Case Background (SAVITA KAPILA v. ASSISTANT COMMISSIONER OF INCOME TAX)
On July 16, 2020 Delhi High Court held that an alternative statutory remedy does not operate as a bar to maintainability of a writ petition. Writ petition was filed seeking direction to the respondent to quash the notice issued to the deceased assessee under Section 148 of the Income Tax Act, 1961 and all the consequential proceedings and orderspassed by the respondent.
It was noticed by income tax department that no return had been filed by the deceased assessee and the source of deposits and receipts remained unexplained and had escaped assessment. Accordingly, the case was selected under Section 147/148 of the Act 1961. However,deceased-assessee had already expired on 21st December, 2018.

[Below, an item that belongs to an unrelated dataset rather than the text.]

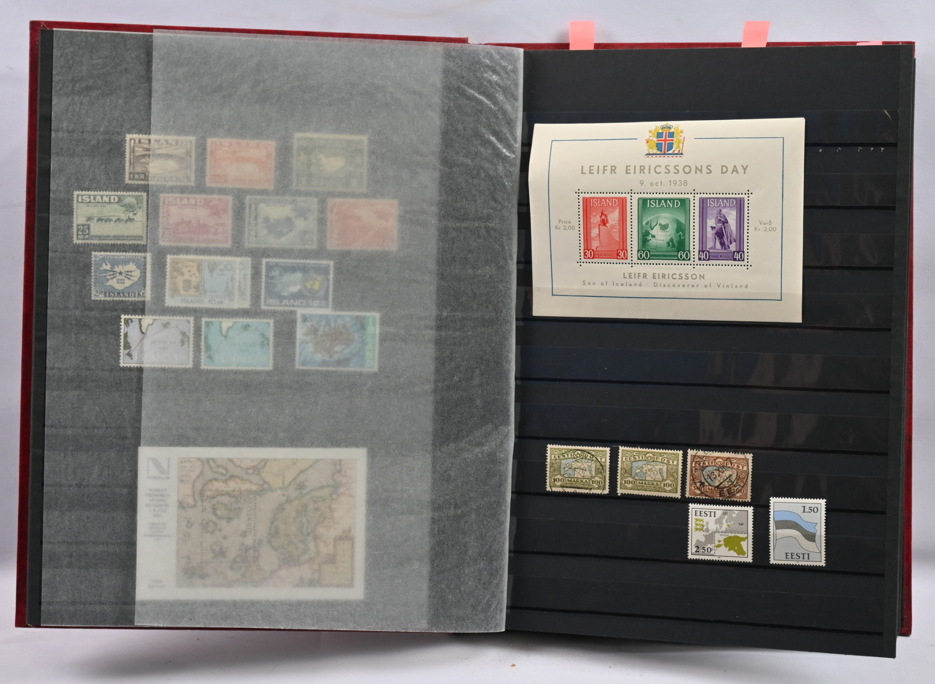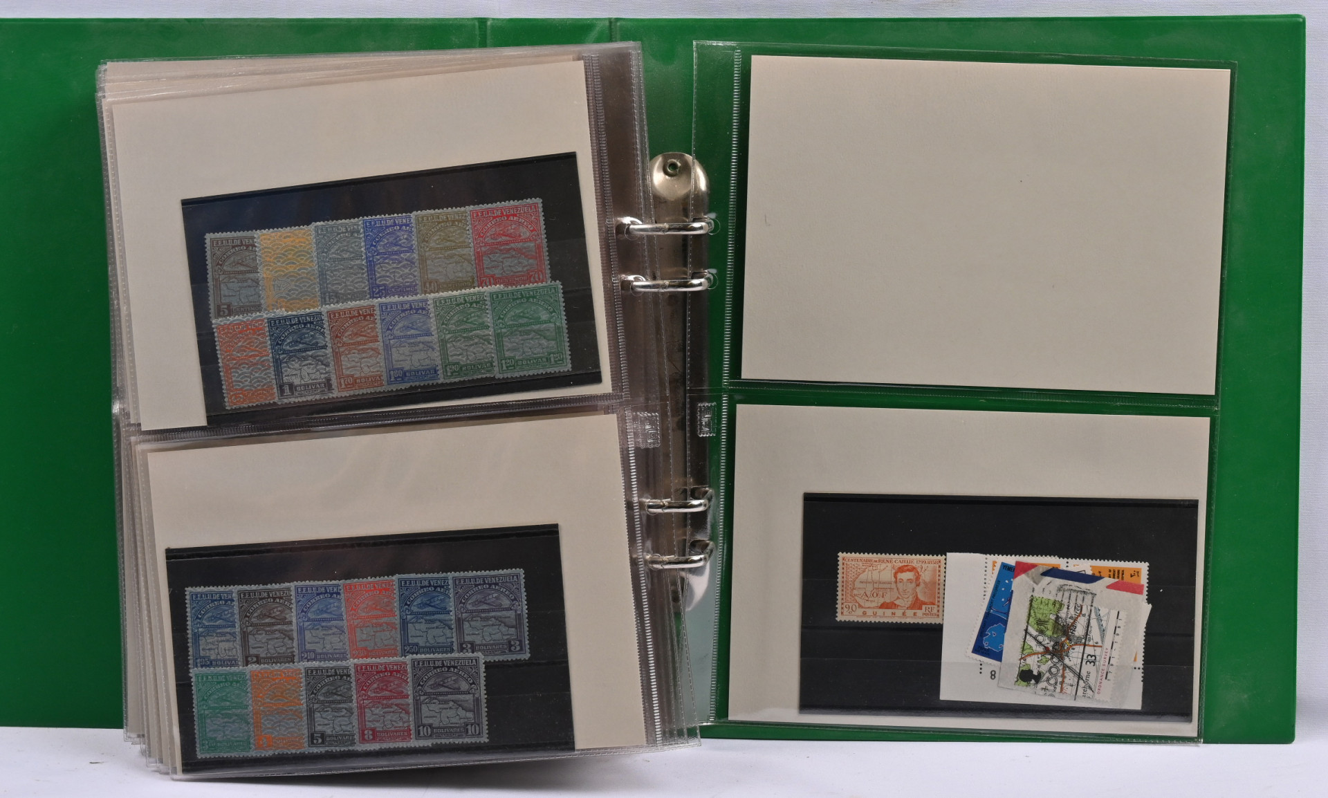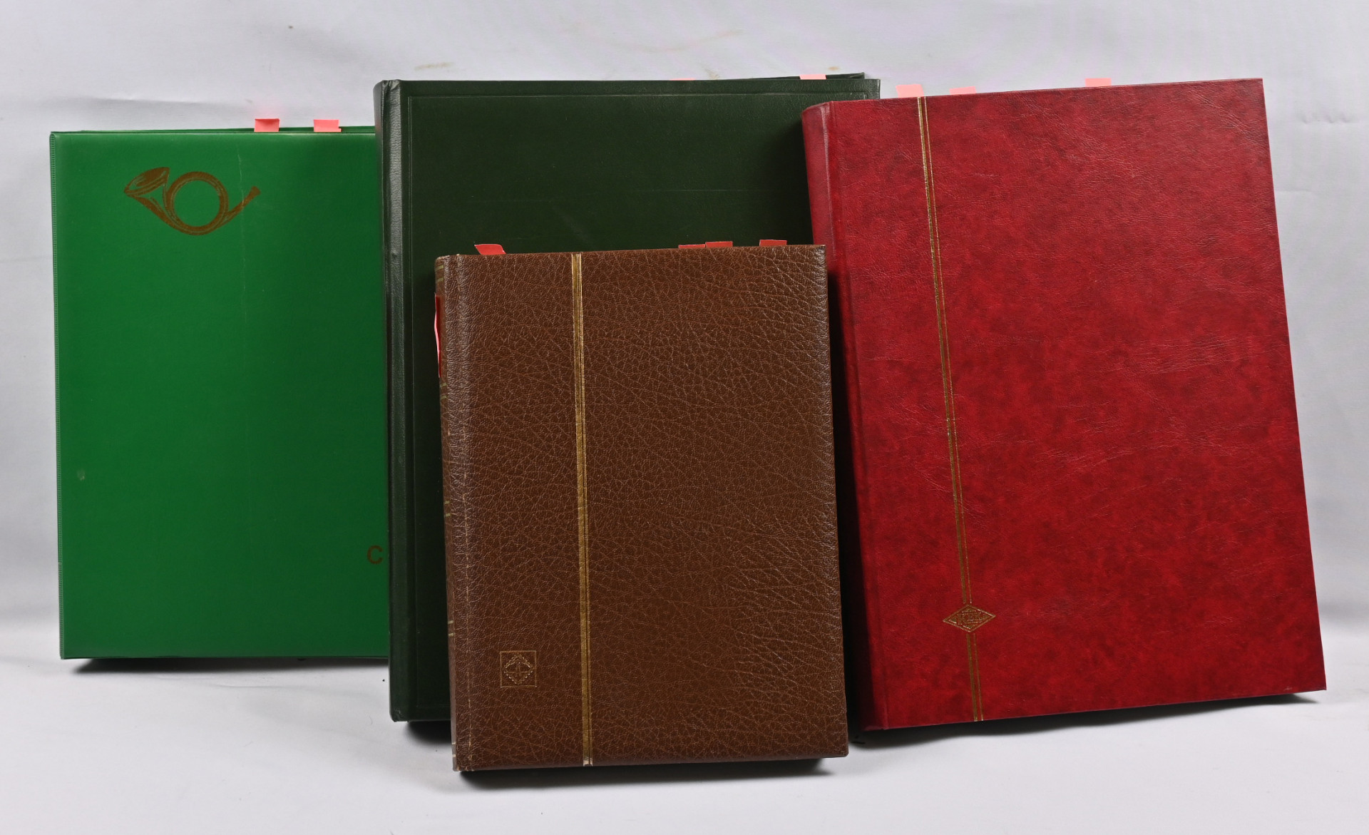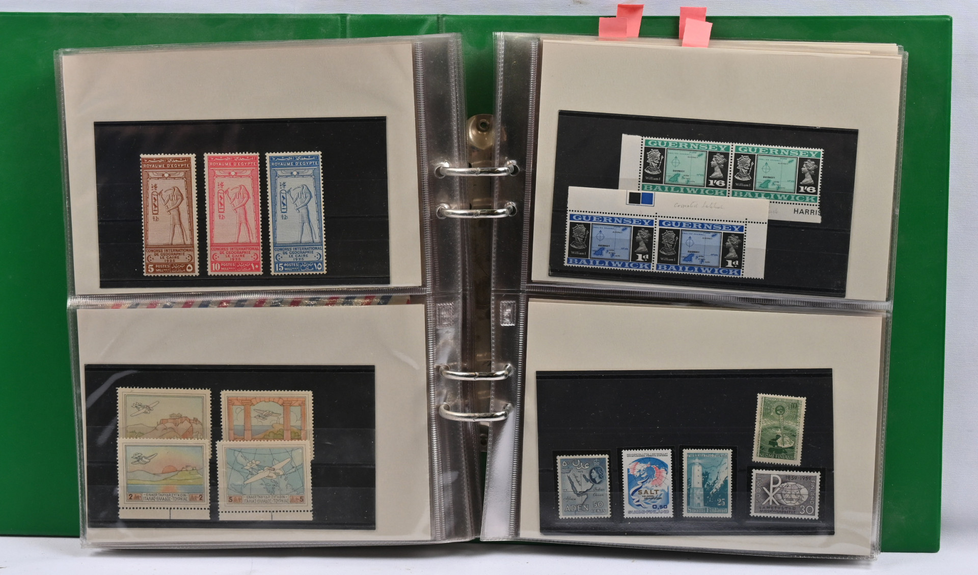 Kartat, mielenkiintoinen materiaali neljässä, osin hyvinkin vajaassa kansiossa / säiliökirjassa. Paljon perusmateriaalia, mutta myös parempia sarjoja, kuten Kreikka Mi 300 - 303 *, Egypti Mi 94-96 *, Norja Fa 181-183 *, lentopostimerkkien sarjoja Etelä-Amerikasta ym

More notices were served which could not reach him or his legal heirs.The assessing officer then issued an order to legal heirs for non-compliance with notices. A final show cause notice was issued directing to file the return or assessment order would be filed. Proceedings were transferred to petitioner and assessment order was passed in her name whereby the addition of Rs. 21,31,000 was made and demand for Rs. 14,19,060 was raised.
ARGUMENTS ON BEHALF OF THE PETITIONER
The petitioners claimed that the requirement under Section 148 of the Act, 1961 had not been fulfilled and pointed that notices were not issued to petitioner or any legal representative and proceeding were transferred to the petitioner and no other legal representative. It was submitted that the proceedings against the petitioner were barred by limitation as per section 149(1)(b). It also argued that Section 159 won’t be applicable in this case as proceedings were not initiated against assessee when he was alive.
ARGUMENTS ON BEHALF OF THE RESPONDENT
It was submitted by the respondent that the writ petition could not to be entertained as it had been preferred after the completion of assessment proceedings and in accordance with the statutory provisions, and it claimed that the petitioner must approach the Appellate Commissioner under Section 246A, for grievance. He submitted that the legal representative is liable for the liabilities of the deceased-assessee under section 159 and it cannot be said that the assessment proceedings are null and void because the Assessing officer was unaware of the death. It was further submitted that the proviso to Section 292BB of the Act would be attracted to the present case and the petitioner would be prevented from questioning the validity of the notice.
REJOINDER ARGUMENTS ON BEHALF OF THE PETITIONER
The petitioners emphasized that there was no statutory obligation upon the legal heirs to intimate the death of the assessee to the respondent and provisions of Section 292BB of the Act were not attracted to the present case as the petitioner had merely uploaded the death certificate of the deceased-assessee online and had infact neither filed a return on behalf of the deceased-assessee nor submitted to the jurisdiction of the assessing officer and had not even waived the requirement of Section 148 of the Act.
COURT’S REASONING
The Court held that an alternative statutory remedy does not operate as a bar to maintainability of a writ petition. It stated that the fact that an assessment order has been passed and it is open to challenge by way of an appeal, does not denude the petitioner of its right to challenge the notice for assessment if it is without jurisdiction. Further it stated that the requirement under Section 148 of service of notice was not fulfilled in the present instance as requirement of issuing notice to a correct person and not to a dead person is not merely a procedural requirement but is a condition precedent to the impugned notice being valid in law. Also, no notice was issued under Section 148 to the petitioner during limitation and hence the proceedings are barred under Section 149(1)(b). The court held that Section 159 of the Act, 1961does not apply to the present case. Section 292B does not apply to the present case as the issuance of notice to a dead person does not come under the ambit of mistake and 292BB is applicable on the assessee and not the legal heir. Hence the notice issued to the deceased assessee under Section 148 and all the consequential proceedings and orders passed by the respondent were quashed.